Stored data:
------
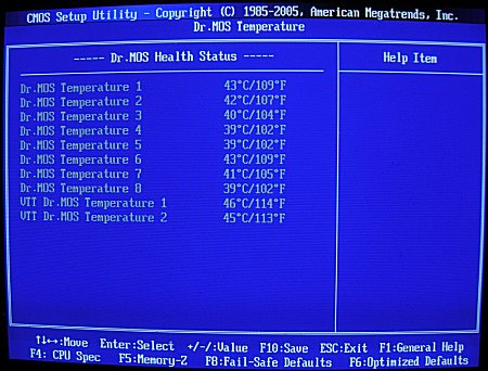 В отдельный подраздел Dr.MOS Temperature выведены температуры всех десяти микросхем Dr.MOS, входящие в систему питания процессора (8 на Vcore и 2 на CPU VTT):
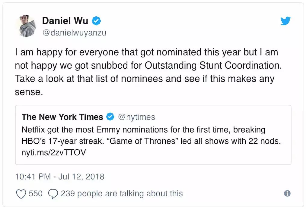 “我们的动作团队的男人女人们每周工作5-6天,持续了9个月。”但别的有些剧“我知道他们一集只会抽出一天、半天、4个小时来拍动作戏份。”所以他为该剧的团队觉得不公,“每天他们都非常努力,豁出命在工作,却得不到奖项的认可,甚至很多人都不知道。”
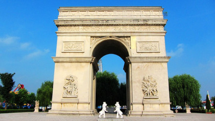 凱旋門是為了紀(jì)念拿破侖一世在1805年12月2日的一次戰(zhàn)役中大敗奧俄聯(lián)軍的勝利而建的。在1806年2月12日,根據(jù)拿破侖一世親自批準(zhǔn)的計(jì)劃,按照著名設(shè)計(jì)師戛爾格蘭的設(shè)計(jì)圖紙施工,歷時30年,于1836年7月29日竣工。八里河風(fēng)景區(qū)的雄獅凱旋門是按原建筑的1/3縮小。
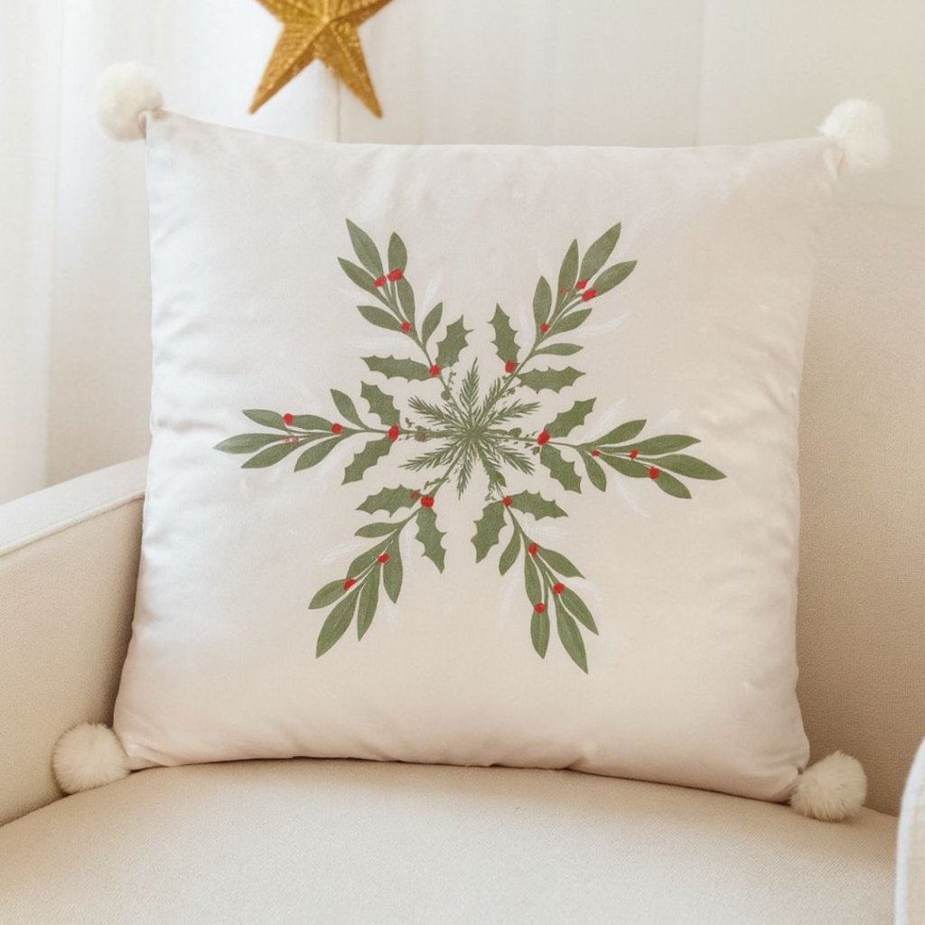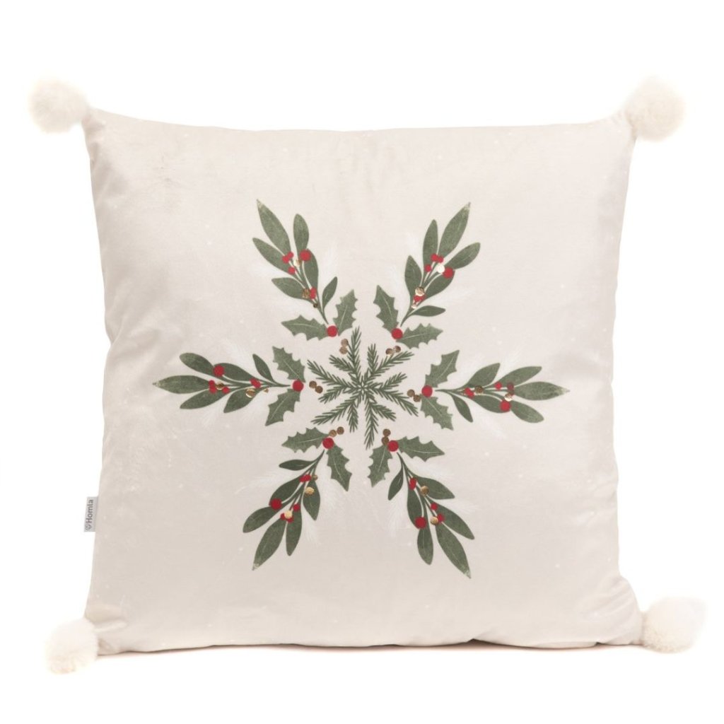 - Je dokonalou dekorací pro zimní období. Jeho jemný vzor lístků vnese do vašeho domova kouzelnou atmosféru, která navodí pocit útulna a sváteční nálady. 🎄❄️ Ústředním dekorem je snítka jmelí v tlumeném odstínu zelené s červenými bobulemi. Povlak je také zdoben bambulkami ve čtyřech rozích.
------
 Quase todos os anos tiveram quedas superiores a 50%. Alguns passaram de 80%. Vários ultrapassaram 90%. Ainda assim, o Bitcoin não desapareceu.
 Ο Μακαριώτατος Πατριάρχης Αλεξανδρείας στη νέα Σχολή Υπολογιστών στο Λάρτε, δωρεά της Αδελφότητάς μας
------
Exercise goal: Output only an exact transcription of the lines above from the one with "Quase todos os" up to and including the one with "Ο Μακαριώτατος Πατριάρχης".

Exercise result:
 Quase todos os anos tiveram quedas superiores a 50%. Alguns passaram de 80%. Vários ultrapassaram 90%. Ainda assim, o Bitcoin não desapareceu.
 Ο Μακαριώτατος Πατριάρχης Αλεξανδρείας στη νέα Σχολή Υπολογιστών στο Λάρτε, δωρεά της Αδελφότητάς μας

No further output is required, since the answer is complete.